The Supreme Court also clarified that its decision did not stand for a proposition that that any mention of race or a mere comment suggesting racial bias would be grounds for a new trial.
Not every offhand comment indicating racial bias or hostility will justify setting aside the no-impeachment bar to allow further judicial inquiry. For the inquiry to proceed, there must be a showing that one or more jurors made statements exhibiting overt racial bias that cast serious doubt on the fairness and impartiality of the jury’s deliberations and resulting verdict. To qualify, the statement must tend to show that racial animus was a significant motivating factor in the juror’s vote to convict.

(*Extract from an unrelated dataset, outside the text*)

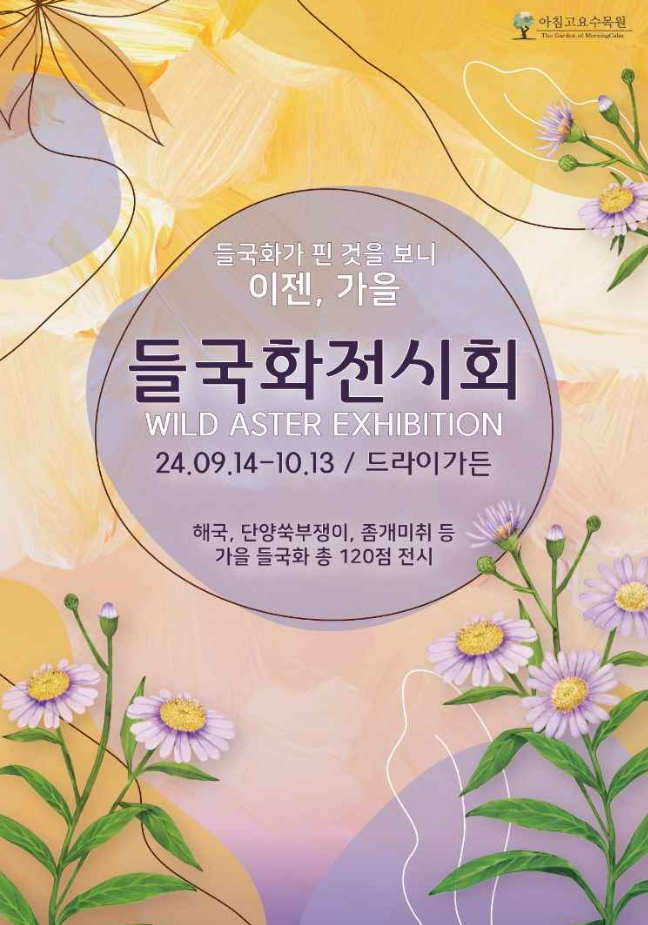 한국의 아름다운 들국화를 한자리에서 만날 수 있는 아침고요수목원의 들국화 전시회는 매년 가을, 다양한 종의 들국화를 선보이며 관람객들의 눈과 마음을 사로잡습니다. 이번 2024년 전시회는 ‘들국화가 핀 것을 보니 이젠 가을’을 주제로, 감국, 구절초, 산국 등 자생 들국화 40여 종을 소개합니다.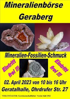 Der Eintritt ist, wie immer bei den Börsen des Geowissenschaftlichen Vereins Suhl 1961, frei. Parkplätze sind ausreichend vorhanden.

Whether that threshold showing has been satisfied is a matter committed to the substantial discretion of the trial court in light of all the circumstances, including the content and timing of the alleged statements and the reliability of the proffered evidence.
137 S. Ct. 869. The Court explicitly did not dictate what procedures lower courts should follow when confronted with objections to jury verdicts based on racial animus, nor did the Court decide “the appropriate standard for determining when evidence of racial bias is sufficient to require that the verdict be set aside and a new trial granted.” Id. at 870. And while the state court decisions and the oral arguments before the Supreme Court showed awareness and concern about other types of bias (such as religious bias) that might unfairly affect jury deliberations, the Supreme Court ultimately recognized that racial bias is different because it implicates an especially “pernicious” type of harm to our justice system. “Permitting racial prejudice in the jury system damages both the fact and the perception” of the jury’s role as “a vital check against the wrongful exercise of power by the State.” Id. at 868 (internal marks and citations omitted).
In a wise and eloquent conclusion, Justice Kennedy noted that our country continues to make efforts to “overcome race-based discrimination, adding, “It is the mark of a maturing legal system that it seems to understand and implement the lessons of history.” Id. at 871. Joined by Justices Ginsburg, Breyer, Sotomayor, and Kagan, the votes of the majority thereby reversed the judgment of the Supreme Court of Colorado, remanding the case for further proceedings. Id.
While there are a number of articles and published analyses concerning the Peña-Rodriguez opinion, it clearly does not come with a recipe or cure for the “pernicious” influence of racial bias in a jury pool. How many questions about racial bias need to be asked during voir dire? What if fellow members of the jury do not report such comments after the trial? Should the jury be instructed to report such comments BEFORE rendering a verdict – and would such an instruction have any curative effect? None of those questions are answered by the trio of cases addressing this particular factual scenario.
Perhaps just knowing that the courts are constitutionally permitted to enter this thicket is good news enough. Our society, and therefore our justice system, has particular issues in dealing with racial diversity. Sanctioned racial discrimination is not so far in the past, and despite Civil Rights legislation after the Civil War, American courts have had a hard time eliminating racial discrimination in the courtroom and jury system.4 Given such history, some of us might call it “progress” to hear the Supreme Court state, “It must become the heritage of our Nation to rise above racial classifications that are so inconsistent with our commitment to the equal dignity of all persons.” Id. at 867.
But for some of us, the fact that this was even a question in 2017 is cause for lamentation, and proof of the need to keep fighting for awareness, for diversity in the profession, and for a better justice system.